**What is needed**
Use the entries below and reproduce exactly the lines from the one containing "Петровские времена иллюстрирует" down to the one containing "I.C.E. Look NY", both of them included.

**Materials provided**
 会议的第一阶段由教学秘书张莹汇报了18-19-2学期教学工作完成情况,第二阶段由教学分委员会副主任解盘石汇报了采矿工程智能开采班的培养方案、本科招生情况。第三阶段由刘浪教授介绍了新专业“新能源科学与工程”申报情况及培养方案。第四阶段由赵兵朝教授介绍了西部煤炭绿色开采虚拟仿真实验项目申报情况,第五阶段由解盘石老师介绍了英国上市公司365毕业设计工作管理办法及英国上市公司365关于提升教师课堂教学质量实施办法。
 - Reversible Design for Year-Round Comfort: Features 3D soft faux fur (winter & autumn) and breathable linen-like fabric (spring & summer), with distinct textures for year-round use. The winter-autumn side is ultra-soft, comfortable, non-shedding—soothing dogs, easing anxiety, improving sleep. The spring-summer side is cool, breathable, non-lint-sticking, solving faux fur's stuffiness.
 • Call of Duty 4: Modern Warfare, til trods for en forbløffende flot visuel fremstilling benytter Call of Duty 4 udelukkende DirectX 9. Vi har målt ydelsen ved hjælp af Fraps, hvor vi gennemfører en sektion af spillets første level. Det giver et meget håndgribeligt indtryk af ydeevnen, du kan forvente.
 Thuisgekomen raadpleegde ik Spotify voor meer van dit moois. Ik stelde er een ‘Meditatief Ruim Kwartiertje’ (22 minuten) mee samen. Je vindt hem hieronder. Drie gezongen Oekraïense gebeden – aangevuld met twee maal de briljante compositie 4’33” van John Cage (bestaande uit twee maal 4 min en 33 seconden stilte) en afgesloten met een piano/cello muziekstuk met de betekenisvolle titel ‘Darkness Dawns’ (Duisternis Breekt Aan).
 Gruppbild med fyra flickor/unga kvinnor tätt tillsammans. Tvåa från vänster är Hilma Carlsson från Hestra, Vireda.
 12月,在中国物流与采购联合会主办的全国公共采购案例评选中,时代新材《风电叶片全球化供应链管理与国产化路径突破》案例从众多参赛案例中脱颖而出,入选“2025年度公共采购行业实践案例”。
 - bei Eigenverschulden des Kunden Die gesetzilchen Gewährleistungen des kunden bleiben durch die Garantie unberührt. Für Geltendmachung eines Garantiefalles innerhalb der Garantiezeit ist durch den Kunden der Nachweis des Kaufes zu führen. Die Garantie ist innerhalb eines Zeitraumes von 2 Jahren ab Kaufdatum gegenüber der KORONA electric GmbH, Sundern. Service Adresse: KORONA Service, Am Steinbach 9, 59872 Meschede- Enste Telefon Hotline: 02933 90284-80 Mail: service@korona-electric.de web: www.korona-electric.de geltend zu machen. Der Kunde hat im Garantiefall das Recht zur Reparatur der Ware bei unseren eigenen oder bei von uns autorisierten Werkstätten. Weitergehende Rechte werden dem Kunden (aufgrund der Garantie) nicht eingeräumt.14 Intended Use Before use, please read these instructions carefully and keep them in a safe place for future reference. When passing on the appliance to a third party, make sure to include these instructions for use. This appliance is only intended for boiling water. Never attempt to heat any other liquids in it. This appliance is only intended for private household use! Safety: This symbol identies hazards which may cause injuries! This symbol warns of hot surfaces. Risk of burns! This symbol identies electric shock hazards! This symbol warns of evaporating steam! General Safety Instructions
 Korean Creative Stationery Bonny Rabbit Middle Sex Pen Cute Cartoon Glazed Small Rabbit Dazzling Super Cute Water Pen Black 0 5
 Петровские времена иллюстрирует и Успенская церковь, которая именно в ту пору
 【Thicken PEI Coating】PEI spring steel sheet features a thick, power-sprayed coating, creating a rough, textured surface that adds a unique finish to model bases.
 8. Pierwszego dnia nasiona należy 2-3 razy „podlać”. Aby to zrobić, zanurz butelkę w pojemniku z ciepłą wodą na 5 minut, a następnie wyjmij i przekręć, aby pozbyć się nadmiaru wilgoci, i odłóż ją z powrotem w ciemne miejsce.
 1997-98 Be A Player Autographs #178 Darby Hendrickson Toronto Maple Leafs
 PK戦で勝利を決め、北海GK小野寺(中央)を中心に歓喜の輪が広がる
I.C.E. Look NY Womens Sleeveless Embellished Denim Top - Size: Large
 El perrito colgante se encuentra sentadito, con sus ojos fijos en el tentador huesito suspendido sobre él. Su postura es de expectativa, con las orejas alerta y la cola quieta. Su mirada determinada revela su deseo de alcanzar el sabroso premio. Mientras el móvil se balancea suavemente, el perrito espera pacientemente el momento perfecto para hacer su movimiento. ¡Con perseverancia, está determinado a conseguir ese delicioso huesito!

**Exercise result**
 Петровские времена иллюстрирует и Успенская церковь, которая именно в ту пору
 【Thicken PEI Coating】PEI spring steel sheet features a thick, power-sprayed coating, creating a rough, textured surface that adds a unique finish to model bases.
 8. Pierwszego dnia nasiona należy 2-3 razy „podlać”. Aby to zrobić, zanurz butelkę w pojemniku z ciepłą wodą na 5 minut, a następnie wyjmij i przekręć, aby pozbyć się nadmiaru wilgoci, i odłóż ją z powrotem w ciemne miejsce.
 1997-98 Be A Player Autographs #178 Darby Hendrickson Toronto Maple Leafs
 PK戦で勝利を決め、北海GK小野寺(中央)を中心に歓喜の輪が広がる
I.C.E. Look NY Womens Sleeveless Embellished Denim Top - Size: Large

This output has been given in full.